EXERCISE DESCRIPTION -> Leave out the pictures, and retype the remaining data exactly.

SUPPLIED INFORMATION ->
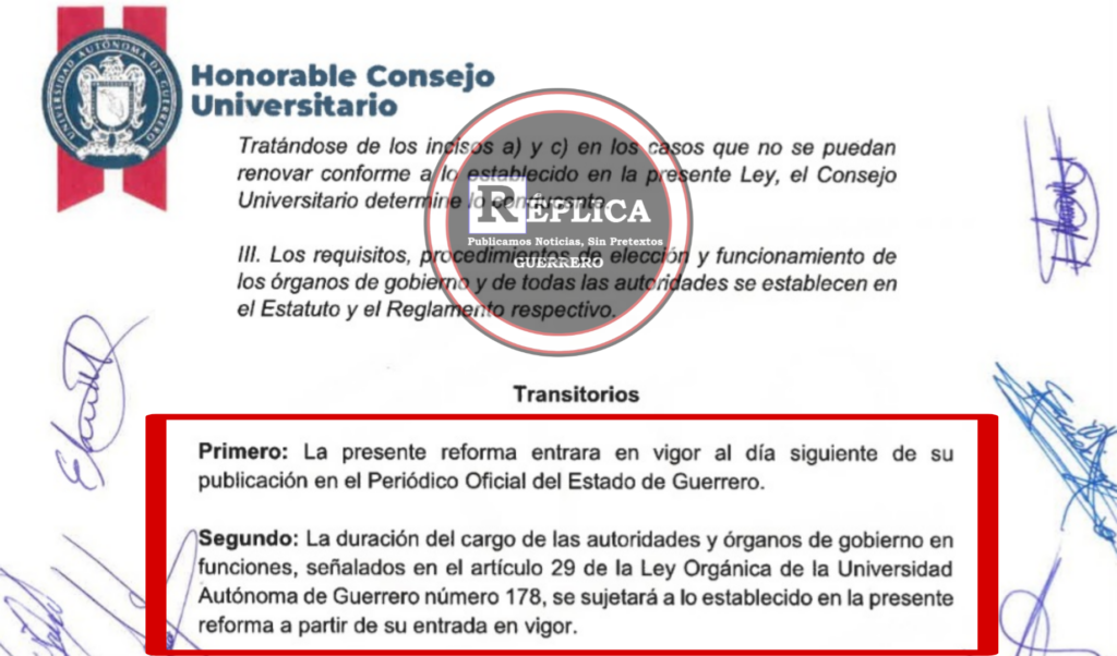 El artículo 1 transitorio en la propuesta aprobada por el Consejo Universitario señala que: “La presente reforma entrará en vigor al día siguiente de su publicación en el Periódico Oficial del Estado de Guerrero”.
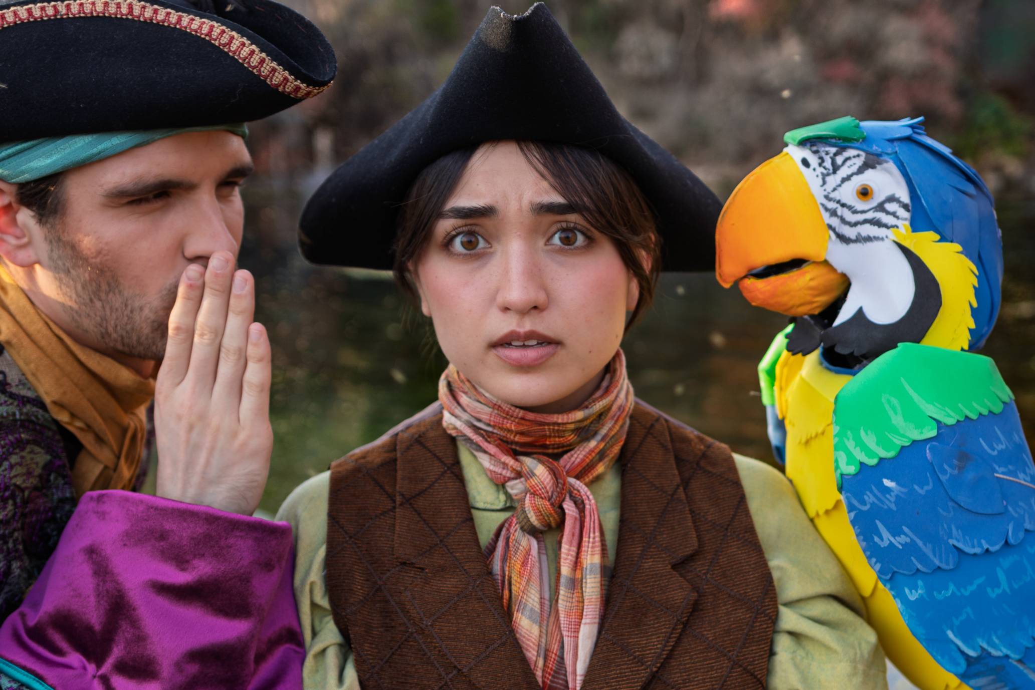 This nautical tale features Jordan Rockhill (Jim Hawkins), Rem Remy (Doctor Livesey), Drew Dunson (Squire Trelawney), Cadence Dodd (Red Ruth), Jack Peznola (Lucky Mickey), Miguel Gaytan (Black Dog), Andrew Morataya (Captain Smollett), and Jordan Spena (Long John Silver), Elise Ray (Joan the Goat), Natoz Walker (Israel Hands), Faraz Mobli (Dick the Dandy), Christian Nathaniel (Killigrew the Kind), Mick Preuit (Grey), Jay Brown (Parrot), Sonny Young (Ben Gunn/Blind Pew), Cooper Clarke (Boson) and the talent of faculty members Linda Nenno Breining (Grandma Hawkins) and Neil Patrick Stewart (Bill Bones), and the voice of Ron Ulen (Ghost of Captain Flint).
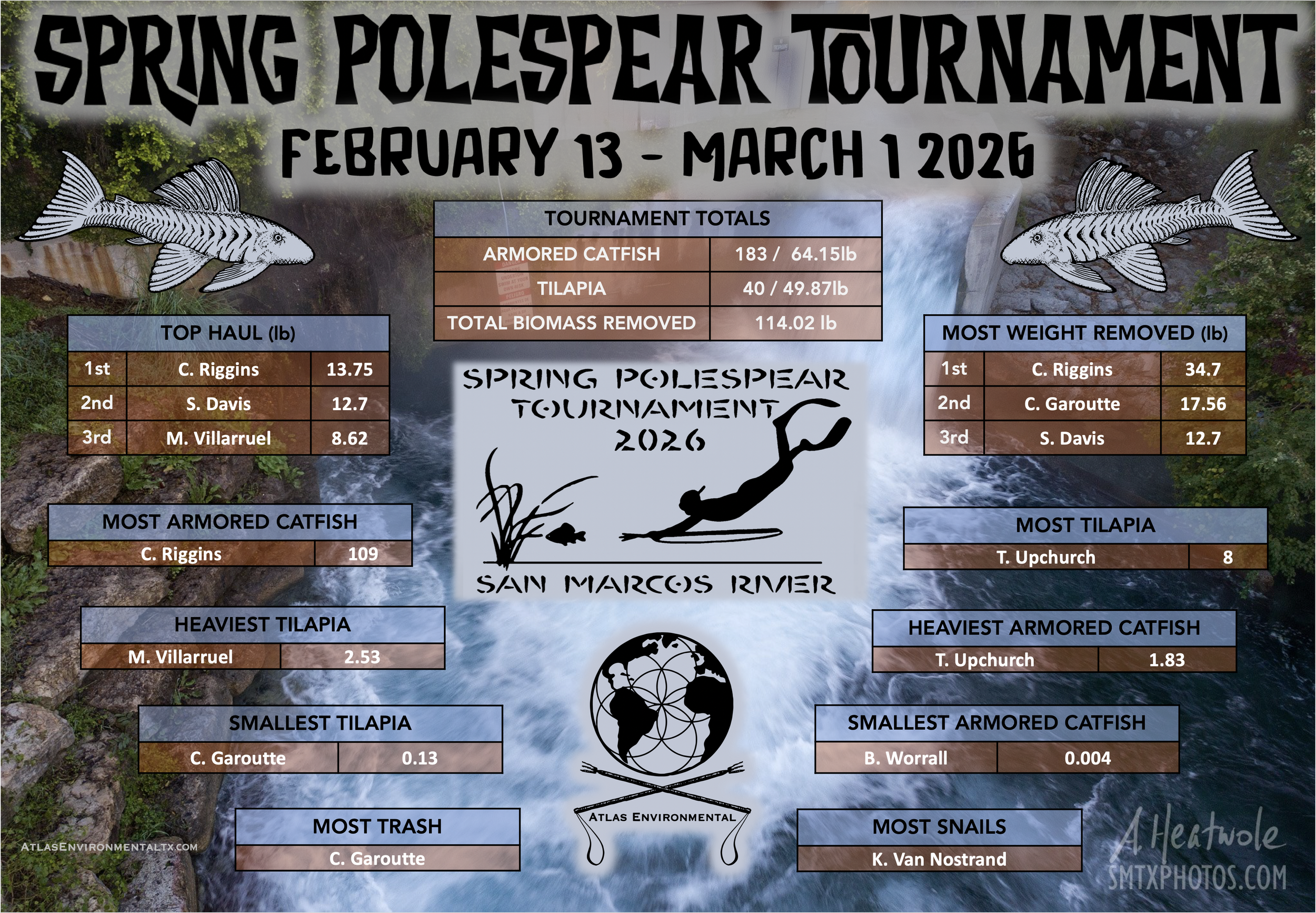 River map, access points, and parking options for Upper section. San Marcos River Polespear Tournament.
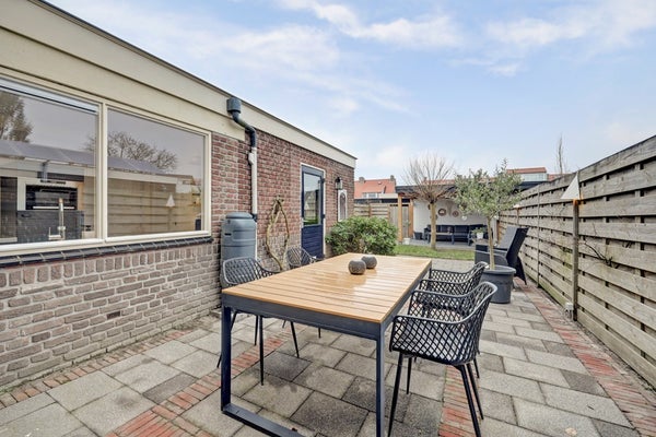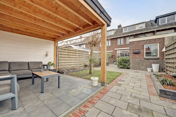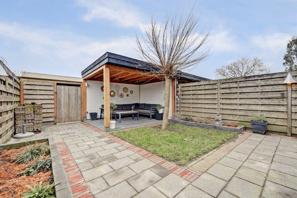 De achtertuin ligt op het westen en is een heerlijke plek om te ontspannen. Hier geniet u van de middag- en avondzon, met een combinatie van groen, bestrating en een gezellige veranda. Achterin de tuin staat een ruime garage, geschikt voor parkeren of extra opslag.

REPLY TO THE EXERCISE ->
 El artículo 1 transitorio en la propuesta aprobada por el Consejo Universitario señala que: “La presente reforma entrará en vigor al día siguiente de su publicación en el Periódico Oficial del Estado de Guerrero”.
 This nautical tale features Jordan Rockhill (Jim Hawkins), Rem Remy (Doctor Livesey), Drew Dunson (Squire Trelawney), Cadence Dodd (Red Ruth), Jack Peznola (Lucky Mickey), Miguel Gaytan (Black Dog), Andrew Morataya (Captain Smollett), and Jordan Spena (Long John Silver), Elise Ray (Joan the Goat), Natoz Walker (Israel Hands), Faraz Mobli (Dick the Dandy), Christian Nathaniel (Killigrew the Kind), Mick Preuit (Grey), Jay Brown (Parrot), Sonny Young (Ben Gunn/Blind Pew), Cooper Clarke (Boson) and the talent of faculty members Linda Nenno Breining (Grandma Hawkins) and Neil Patrick Stewart (Bill Bones), and the voice of Ron Ulen (Ghost of Captain Flint).
 River map, access points, and parking options for Upper section. San Marcos River Polespear Tournament.
 De achtertuin ligt op het westen en is een heerlijke plek om te ontspannen. Hier geniet u van de middag- en avondzon, met een combinatie van groen, bestrating en een gezellige veranda. Achterin de tuin staat een ruime garage, geschikt voor parkeren of extra opslag.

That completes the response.